A constant net force of 20 N is applied to a 32 kg car, causing it to speed up from 4.0 to 9.0 m/s. How long is the force applied?
This is chemistry???
If there is no friction then
a = F/m = 20/32 = 0.625 meters/ second^2
v = initial velocity + a t
9 = 4 + 0.625 t
t = 5 / 0.625 = 8 seconds
To find how long the force is applied, we can use Newton's second law of motion, which states that the net force acting on an object is equal to the product of the object's mass and its acceleration:
Net force = mass x acceleration
In this case, the net force is 20 N, and the mass of the car is 32 kg. The car's initial speed is 4.0 m/s, and its final speed is 9.0 m/s. We need to find the acceleration first.
Using the equation for acceleration:
acceleration = (final speed - initial speed) / time
We know the initial and final speeds, but we don't know the time or acceleration.

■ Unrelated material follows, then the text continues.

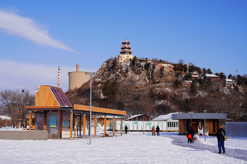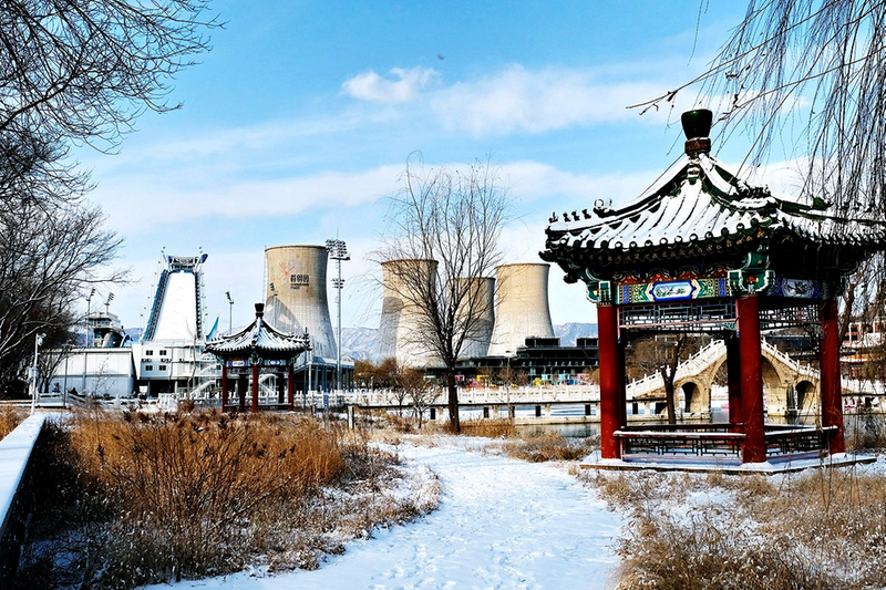 ▲飞檐映雪,冷却塔立。 摄影/王守斌
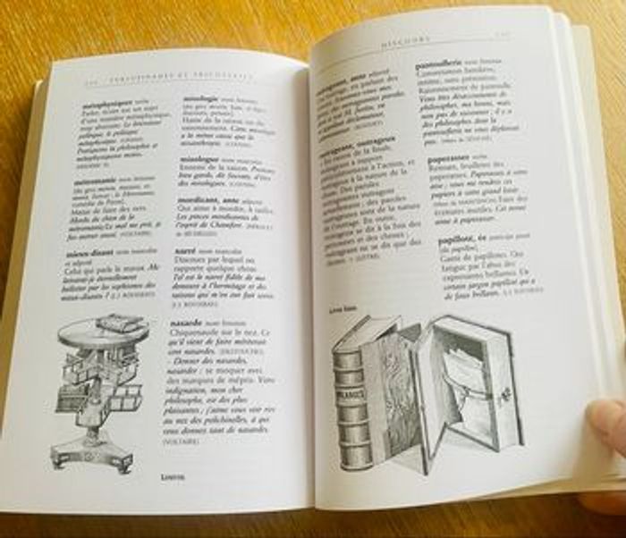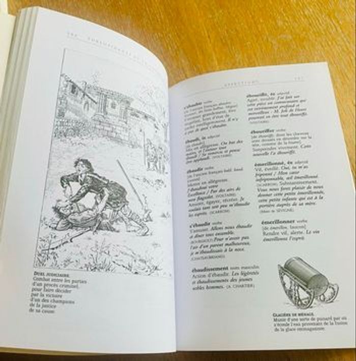 Turlupinades et tricoteries Dictionnaire des mots obsolètes Larousse 267 pages Collection : Le Souffle des mots Désamour, s'aheurter, musiquer, désheurter, sade (sans majuscule !) tous ces mots ont disparu de l'usage. Les auteurs vous proposent de redécouvrir ce riche lexique d'antan pour le plaisir de badauder, bibeloter, musarder. ° Un livre d'auteurs amoureux de la langue : la sélection des mots est celle de «ceux qui aiment et se délectent». C'est la «charge affective et sensuelle» des mots d'autrefois qui a guidé le choix des auteurs. ° Une exploration des trésors de la langue : les auteurs sont allés à la recherche des mots rares dans les dictionnaires anciens comme le Littré et le Nouveau Larousse illustré (publié de 1897 à 1904). ° Suivant le principe selon lequel «la langue est un théâtre dont les mots sont les acteurs», l'ouvrage est organisé autour de 6 thèmes : décors, acteurs, affections, manières, discours et coulisses. ° Pour chaque mot, on trouvera : - une courte définition et le cas échéant un recours à l'étymologie. - des citations (Rabelais, Voltaire, Baudelaire...) qui resituent les mots dans leur contexte. ° Un ouvrage richement illustré de gravures mettant en scène des objets ou des réalités disparues, comme la bigotelle qui permettait de tenir les moustaches relevées pendant la nuit. ° Un riche index permet de circuler très facilement dans l'ensemble de l'ouvrage, de «abalourdir» à «zoïle» en passant par «féminie».

However, we can rearrange the equation to solve for time:
time = (final speed - initial speed) / acceleration
Now, let's find the acceleration:
acceleration = (final speed - initial speed) / time
acceleration = (9.0 m/s - 4.0 m/s) / time
acceleration = 5.0 m/s / time
Now we can substitute the value of acceleration into Newton's second law of motion:
Net force = mass x acceleration
20 N = 32 kg x 5.0 m/s / time
Now we can solve for time:
time = (32 kg x 5.0 m/s) / 20 N
time = 160 kg * m/s / 20 N
time = 8 s
Therefore, the force is applied for 8 seconds.